I read something interesting recently about increasing anxiety in children. The article proposed it was linked to children being constantly hurried. Get out of bed and hurried to get to school. Get out of school and hurried to do activities. The constant rushing and hurrying creates a constant alertness. The child can never relax and chill as they always have to be somewhere doing something.

https://www.psychologytoday.com/au/blog/decision-principles/202408/the-danger-of-hurried-child-syndrome

I would think a combination of this and children only ever seeing highlights of others lives ie social media posts, creates feelings of inadequacy from comparison.

Also social media and mobile phones never allow people to get a break. I seem to be one of very few people who don't answer my phone just because it rings. If I'm speaking to someone and the phone rings, I silence it and don't let it interrupt the conversation with the person in front of me. Same with text messages and emails. I ignore them until I am free. My phone doesn't summon me, but a lot of others are at the beck and call of their phones - when the phone rings/beeps/flashes they stop what they're doing, even mid conversation, and respond to it.

I remember my childhood in the country. If you went out on weekends, you couldn't be called. No mobile phones. It let you enjoy what you were doing and get some mentally quiet time, where you could disconnect and recharge. There wasn't even answering machines, so you never knew you'd missed a call. These days you get a text telling you that you missed a call as well as a voicemail. So you don't get to be oblivious and reduce the demands for your time and attention.

The Danger of Hurried Child Syndrome

If you're noticing your child or teen is more anxious than ever, Hurried Child Syndrome may be the reason why.

https://www.psychologytoday.com/au/blog/decision-principles/202408/the-danger-of-hurried-child-syndrome

Clanke · 06/02/2025 21:38

soupyspoon · 06/02/2025 20:35

No, not a condition, theres lots of evidence it could support childrens anxiety to have less online time

But you seem to have taken the phone thing and run with it, I said it was a huge contributor, not 'the' cause.
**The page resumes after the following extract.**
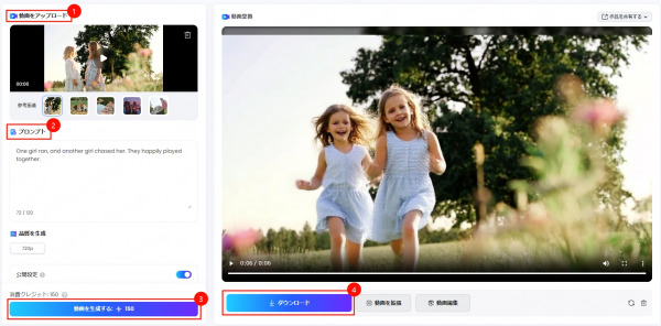 必要な情報/素材を入力 or アップロード後、「動画を生成する」ボタンをクリック。数十秒~数分で AI が動画を生成。生成後は、プレビューで内容を確認できます。問題なければ、そのまま動画をダウンロードまたは共有可能。

There are other issues at play as well, other posters have also mentioned these.

Basically our whole society would need to change to be less inward looking and isolationist and individualist, but people dont like that, they dont want to be more social or socialistic. They dont want to have more responsibility but they do want more rights. Emotionally, while people might think that is preferable, it actually leans toward more pressure and expectation, hosility and anger.

I completely agree with the last point. The research shows that one of the best things for mental wellbeing is a sense of responsibility (having people who rely on you, being part of a community, having a role/purpose). My interventions for young people would be:

  • lots of exercise in the fresh air.
  • a job or volunteering
  • a drastic reduction in internet use.

These would certainly be things that a MH professional would recommend for many patients, but you can't make people do it.